- Born: Folasade Olayinka Baderinwa April 14, 1969 (age 57) Baltimore, Maryland, U.S.
- Education: University of Maryland, College Park
- Occupations: Television news anchor, Television journalist
- Employer: The Walt Disney Company
- Television: WABC-TV (2003–present)

= Sade Baderinwa =

American journalist and news anchor at WABC-TV

Folasade Olayinka Baderinwa (born April 14, 1969), known professionally as Sade Baderinwa (/ˈʃɑːdeɪ ˈbɑːdərɪnwɑː/ SHAH-day-_-BAH-dər-in-wah), is an American broadcast journalist. Since 2003, she has been a news anchor at WABC-TV, the ABC flagship station in New York, and currently co-anchors the weekday 5 p.m. and 11 p.m. newscasts of Eyewitness News with Bill Ritter.

== Early life==
Baderinwa was born to a Nigerian father and a German mother. At age seven, her mother no longer took part in her life and her father returned to Africa, leaving her in the custody of a family friend. She was subsequently adopted in Baltimore by WBAL-TV anchor Edie House, whose parents also provided additional support. When Baderinwa was 12, her birth mother eventually took her in to live with her family in nearby Montgomery County. She has since continued to maintain contact with her biological parents, as well as with her adoptive family.

Baderinwa graduated from the University of Maryland, College Park's College of Agriculture and Natural Resources with a degree in agricultural business and resource economics.

== Career ==

=== Early career ===
Baderinwa began her career as a production assistant for ABC News' various programs, including This Week With David Brinkley, Nightline, World News Tonight, and News One. She went on to become a reporter trainee at WUSA-TV, the CBS affiliate in Washington, D.C., before becoming a reporter at WSLS-TV, the NBC affiliate in Roanoke, Virginia.

Baderinwa joined WBAL-TV, the NBC affiliate in Baltimore, in February 2000. There, she anchored the morning and noon newscasts and also hosted a weekly community affairs show.

=== 2003–present: WABC-TV ===
In 2003, Baderinwa joined WABC-TV as a reporter and anchor for the station's noon newscast' before joining Diana Williams as co-anchor of the 5 p.m. newscast.

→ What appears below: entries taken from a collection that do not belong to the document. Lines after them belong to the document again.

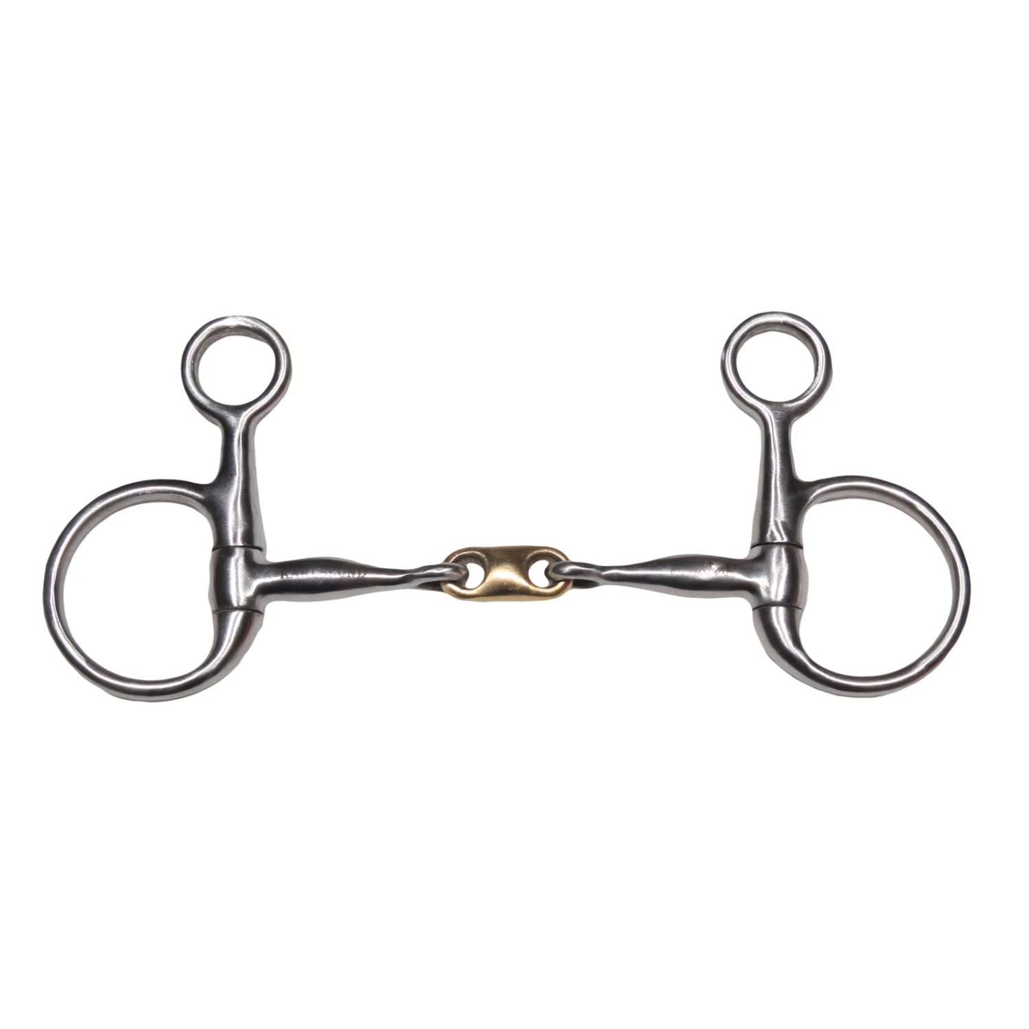 Doppelt-gebrochenes B-Gebiss mit einfacher Korrektur, aus gebürstetem Edelstahl und mit einem Kupfereinsatz in der Mitte.
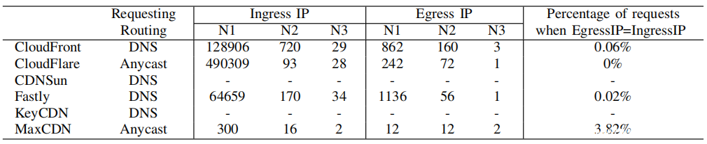为了尽可能多地收集出口IP,每隔24小时向入口IP发送一次请求,并在源处记录结果数据。上表中显示了删除重复项后的出口IP数量以及它们的BGP前缀和ASes(由Route View Project 数据确定)。从上表可以看到,即使CDN具有大量的入口IP,CDN也会对传入的请求进行分组,并分配少量的出口IP,以将请求转发到源。还发现对于每个转发的请求,请求的出口IP与入口IP不同,例如在24小时范围内,通过CloudFront发送的请求中只有0.06%具有相同的入口/出口IP,其他CDN的相应百分比为Cloudflare为0%,Fastly为0.02%和MaxCDN为3.82%。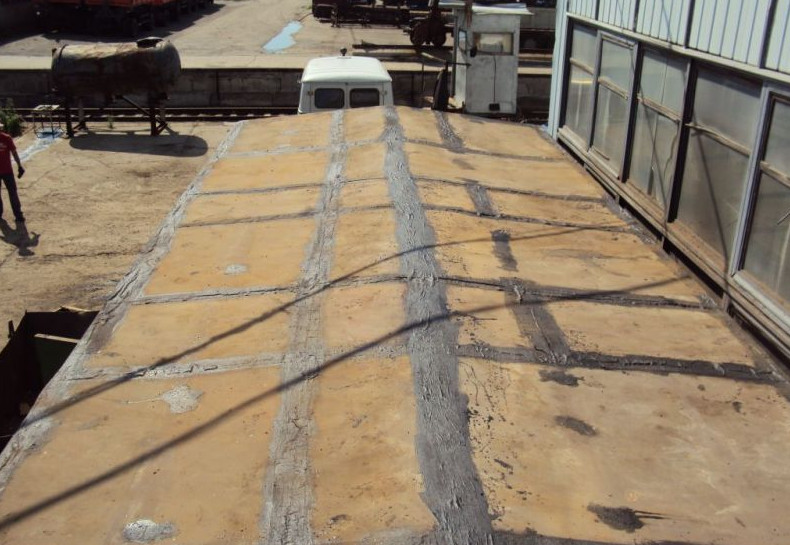 Дефекты в основании гаражной крыши устраняют жидким бетоном или герметиком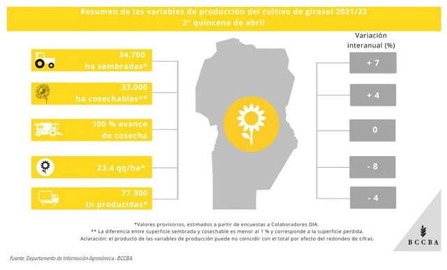 Habiendo finalizado la cosecha de las 33 mil hectáreas de girasol que resultaron cosechables en la provincia, la estimación realizada en el mes de abril indicó un rendimiento promedio provincial de 23,4 qq/ha y una producción de 77.300 toneladas. Estos valores productivos representan una merma interanual del 8 y 4 % respectivamente.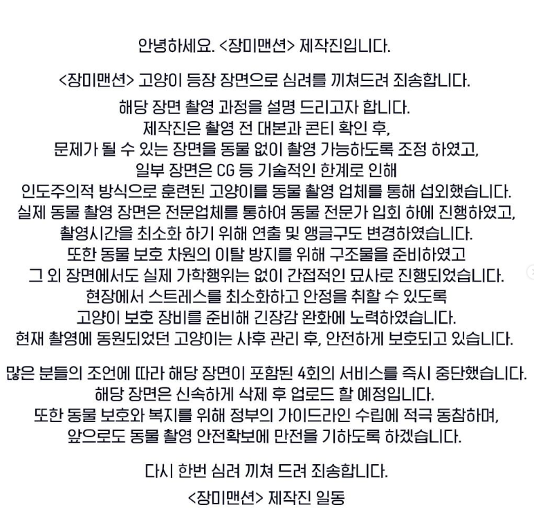 장미맨션 측이 길고양이 학대 장면에 대해 사과하고 동물 촬영 시 안전을 약속했다.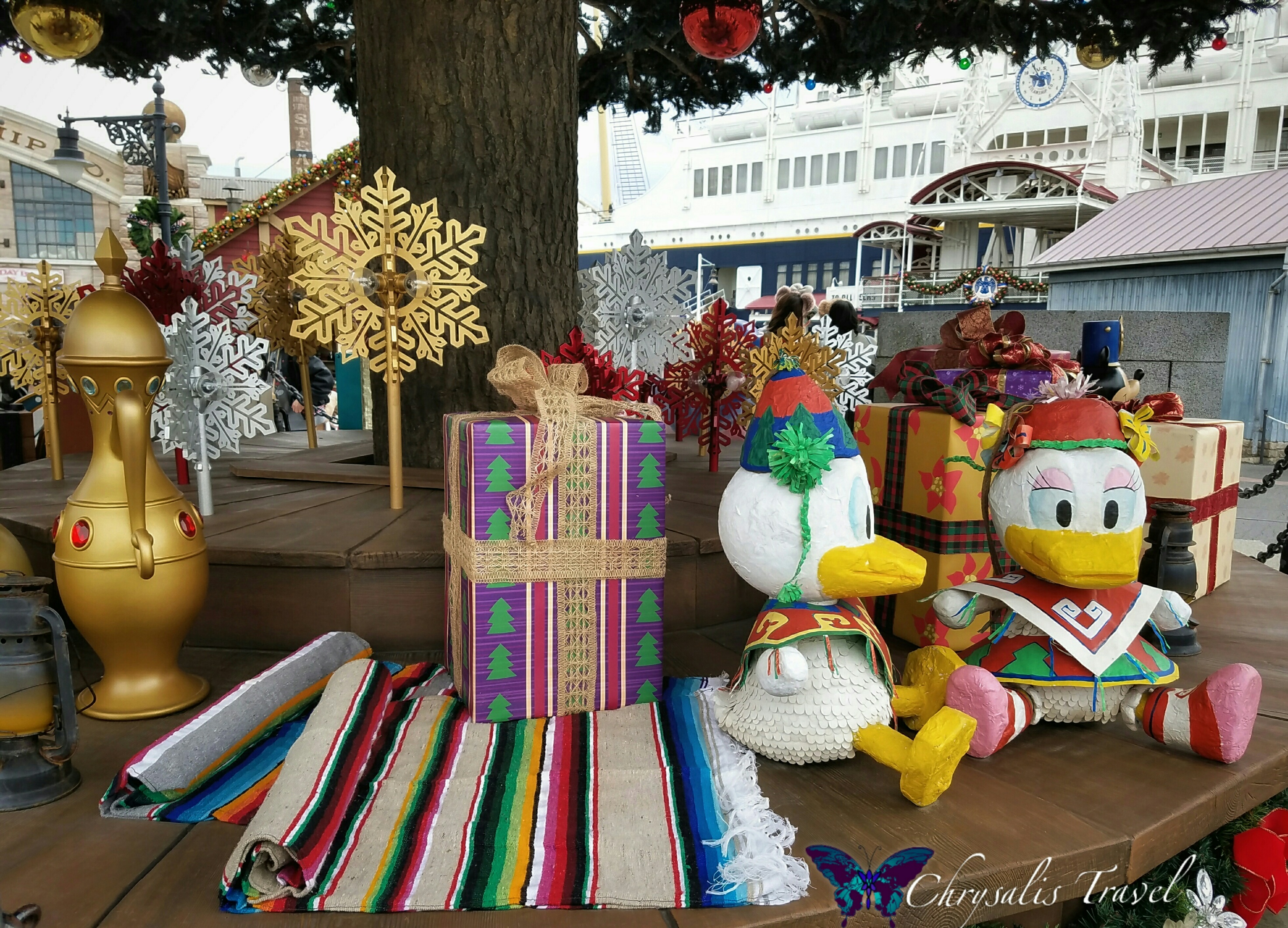 Many of the decorations at Tokyo DisneySea center around the American Waterfront with its massive Christmas tree. The lowest branches of the tree stand much higher than the guests coming up for a closer look. Tucked underneath are representations of each ‘land’ at Tokyo DisneySea.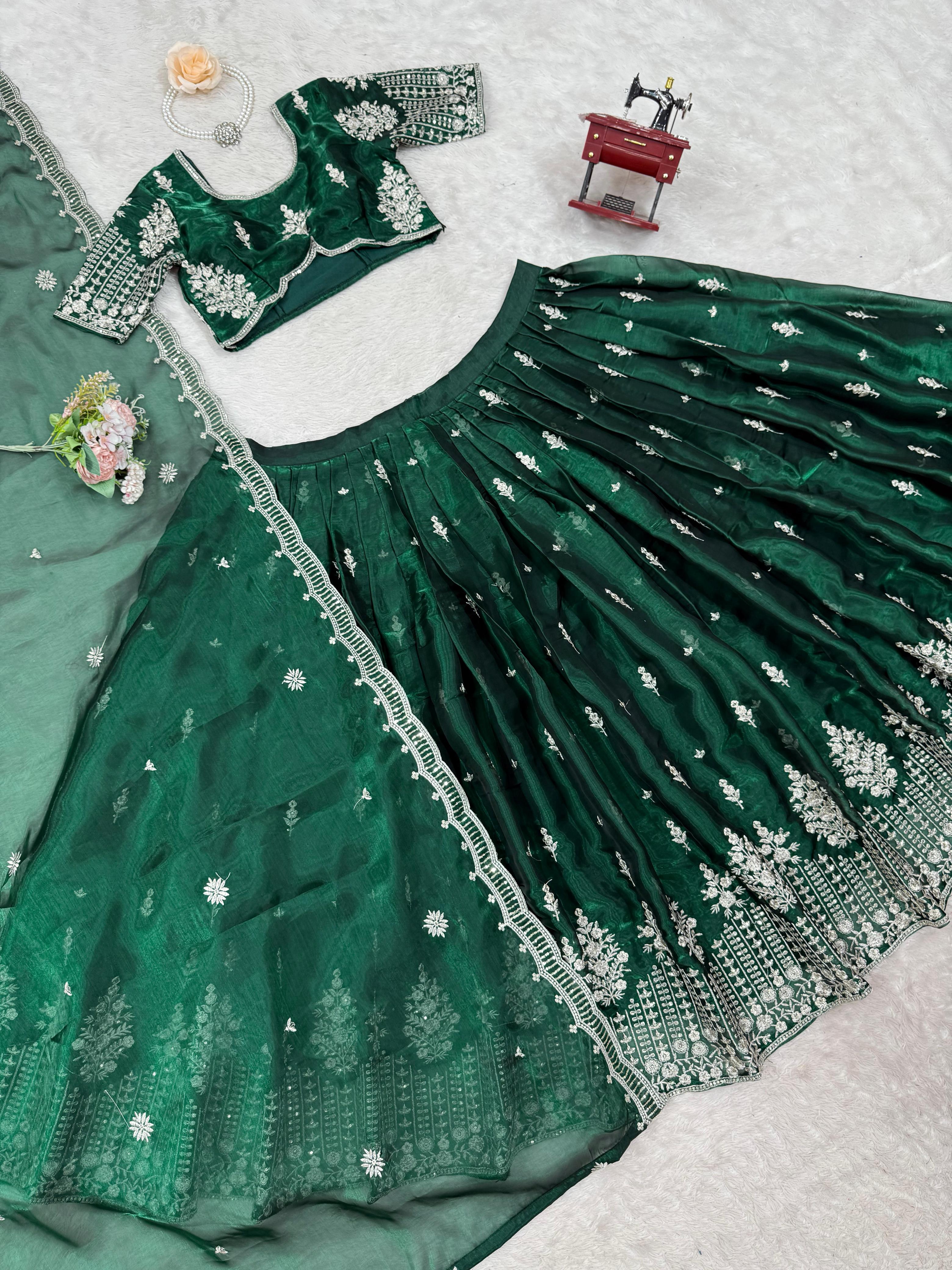 Ceremony Wear Heavy Work Green Color Lehenga Choli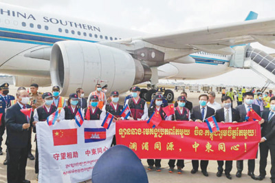 柬埔寨首相洪森的社交媒体账号视频直播了中国专家组抵达的情景。当地媒体称,中国的帮助凸显了柬中同心抗疫、共克时艰的深情厚谊。这支援柬抗疫医疗专家组由7人组成,他们的专业包括疫情防控、临床诊疗、实验室检测等。随他们一同抵达的,还有口罩、防护服、红外线体温枪等医疗物资。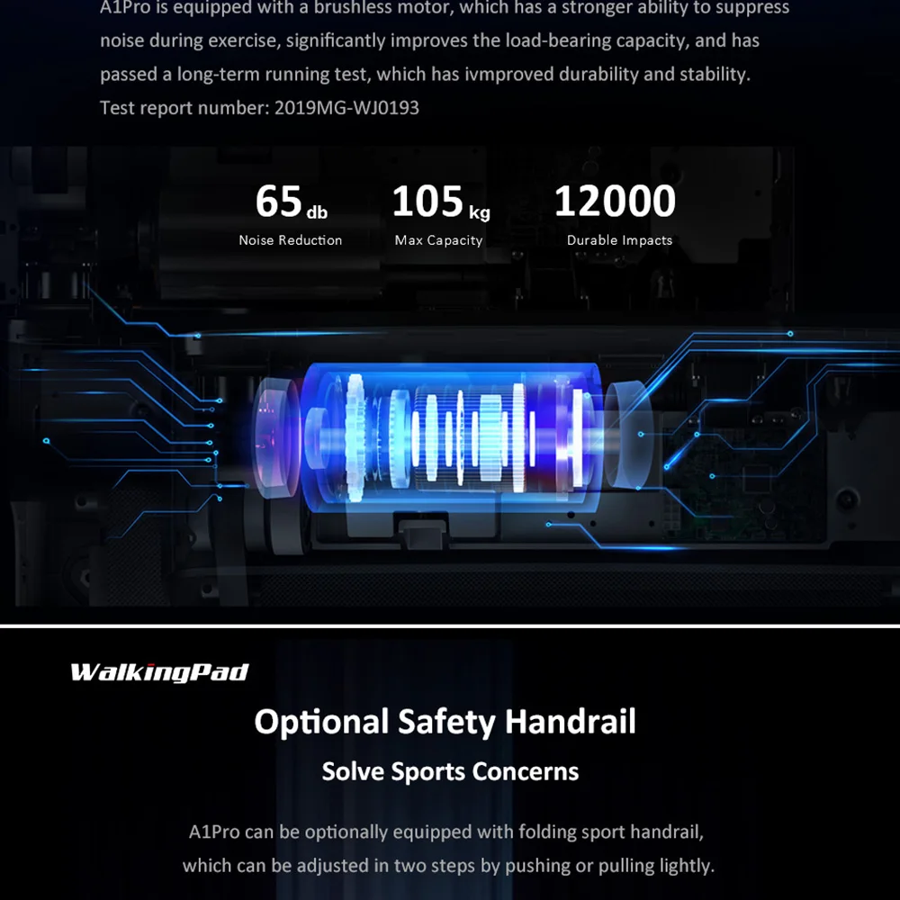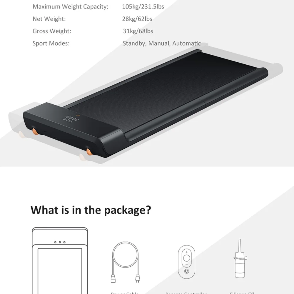 Working size: 1432x547x129mm Folded size: 822x547x129 Walking surface: 1200x415mm Applicable age: 14-16 years old Speed range: 0.5-6km/h Rated voltage: 110v / 220v Rated power: 746w Platform height: 57mm Maximum load: 105kg Net weight: 28kg Total weight: 31kg Sport mode: automatic, manual 1 x walking mat 1 x power cord 1 remote control 1 x remote control lanyard 1 x wrench 1 x silicone oil 1 x manual *Precautions: After receiving the product, you can apply for a refund without affecting the secondary sales.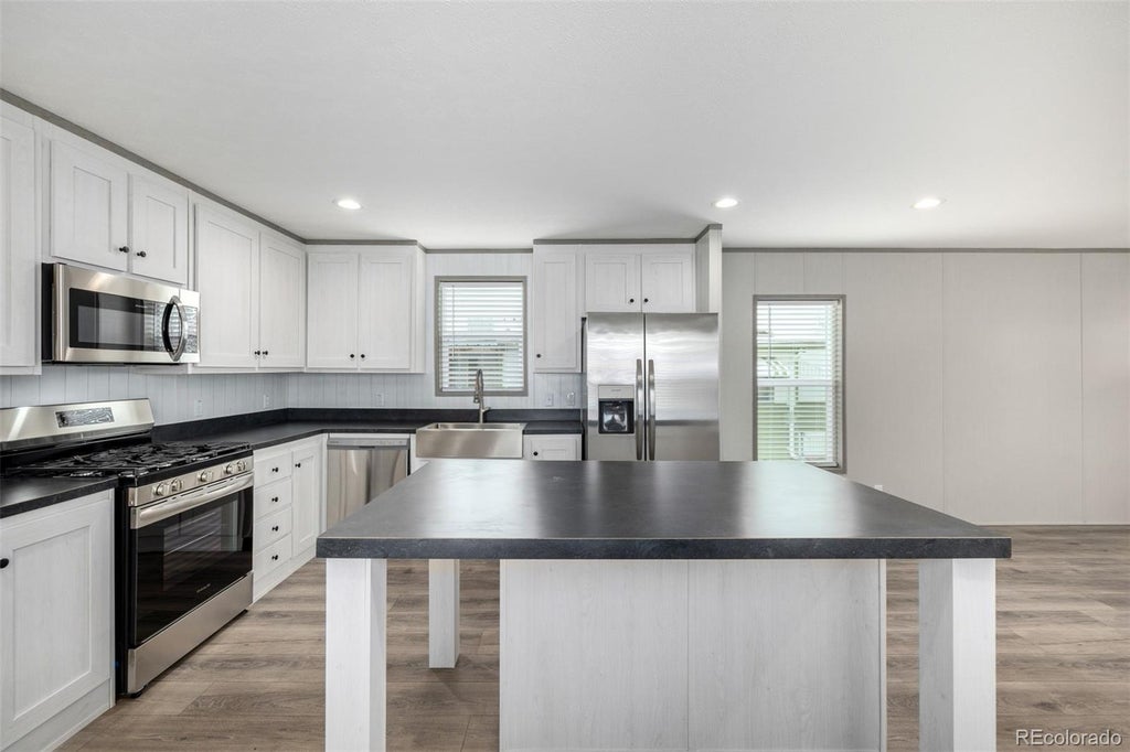 Step into modern comfort with this brand-new 2-bedroom, 2-bathroom home in Apple Ridge! Built by Clayton Homes, this beautifully designed property offers an inviting covered porch, perfect for enjoying Colorado’s fresh air. Inside, an open-concept floor plan boasts a stunning kitchen with sleek countertops, stainless steel appliances, and a spacious island for entertaining. The primary suite features a luxurious en-suite bathroom with double sinks and a soaking tub, while the additional bedroom provides flexibility for guests, an office, or hobbies. With contemporary finishes, energy-efficient design, and a convenient laundry room, this home is move-in ready and waiting for you! Love your outdoor living space your spacious with front and side yard with seasoned tree and grassy area. Enjoy your community amenities including a clubhouse, swimming pool and playground and basketball court. Divinely located near Sunset Vista Natural Area, Longview Trail Bike Racks plus shopping and dining nearby.

On the evening of July 23, 2004, while preparing a report on location outside of 257 Hudson Street in Hackensack, New Jersey about local flooding, she was struck by a hit and run driver who went through police lines, and was rendered unconscious following the collision. After undergoing multiple surgeries and months of physical therapy, Baderinwa returned on-air on December 13, 2004, but continued receiving physical therapy five times a week following her return. The driver in the collision was never caught.

On October 27, 2006, Baderinwa appeared on The View as a guest co-host.

In May 2011, Baderinwa became co-anchor of the 11 p.m. newscast with Bill Ritter, replacing Liz Cho, who vacated the slot to anchor the station's new 4 p.m newscast, which debuted after the end of The Oprah Winfrey Show.

She has also been a regular moderator at the United Nations' celebration of International Women's Day.